Data & Experimental Setup
- The HaBio cohort includes 568 patients (201 bladder cancer, 367 non-bladder cancer) with 79 biomarkers and demographic/lifestyle features.
- The dataset is unbalanced, with 130 female (23%) and 438 male (77%) patients.
- Controlled levels of missing data (10%, 20%, 30%) are randomly introduced to simulate realistic data degradation scenarios.
- In addition to the full dataset (TOTAL), separate analyses are conducted for male (MALES) and female (FEMALES) subgroups.
Results
- CACTUS achieves competitive or superior predictive performance (balanced accuracy, recall) compared to other ML methods, especially for male and female subgroups.
- CACTUS demonstrates significantly higher stability of top-ranked features as missingness increases, with lower average relative change and higher overlap of top 10 features across datasets.
- The 10 most important features identified by CACTUS include known bladder cancer biomarkers like clusterin, VEGF, cystatin B, and sex-specific markers like haematuria and microalbuminuria.
- Feature stability provides complementary information to predictive performance, revealing that models with comparable accuracy can exhibit markedly different behavior in terms of feature consistency.
Interpretation
- The superior feature stability of CACTUS reinforces the trustworthiness of its predictions, as key informative features remain consistent even under data degradation.
- Sex-specific differences in top biomarkers suggest the need for tailored screening panels for males and females.
- Integrating multiple biomarkers into a diagnostic panel is preferable to relying on a single marker like BTA, which can be influenced by confounding factors like haematuria.
- Feature stability should be considered a critical dimension of model evaluation alongside traditional metrics like accuracy, as it provides insights into the reliability and reproducibility of data-driven insights.
Limitations & Uncertainties
- The thresholds calculated by CACTUS to abstract features are not the same as those set by medical institutions for diagnosis, as they represent the best values to separate the two classes (bladder cancer vs. non-bladder cancer).

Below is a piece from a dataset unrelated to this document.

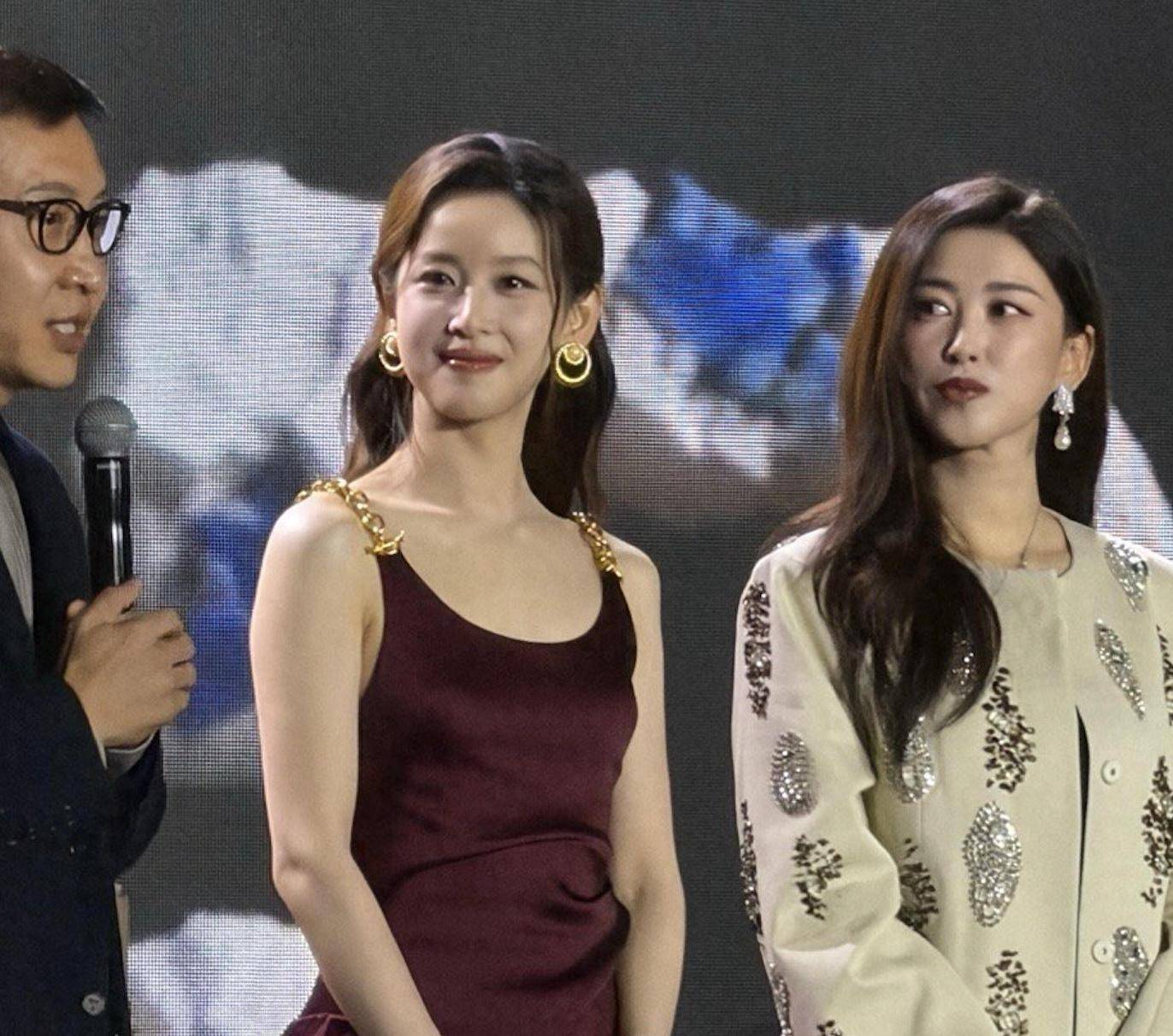 章泽天的酒红色长裙热情似火,像盛放的玫瑰,美得张扬而直接。朱珠的明黄色造型温润如玉,如历经岁月沉淀的美酒,越品越有味道。

- Larger datasets should be used to confirm the initial findings from the HaBio cohort.
- The relative contributions of biomarkers vs. lifestyle/demographic factors should be further investigated by dividing the dataset accordingly.
- Differential impacts of features across populations should be considered.
What Comes Next
- Apply the CACTUS framework to other biomedical domains facing similar challenges of incomplete, heterogeneous data and the need for interpretable, trustworthy AI systems.
- Explore the integration of CACTUS with other AI techniques (e.g., deep learning) to leverage their complementary strengths.
- Investigate the potential of CACTUS to guide the development of novel biomarker-based screening assays for bladder cancer and other diseases.
- Incorporate stability-aware evaluation as a standard component of pattern discovery pipelines operating on imperfect real-world data.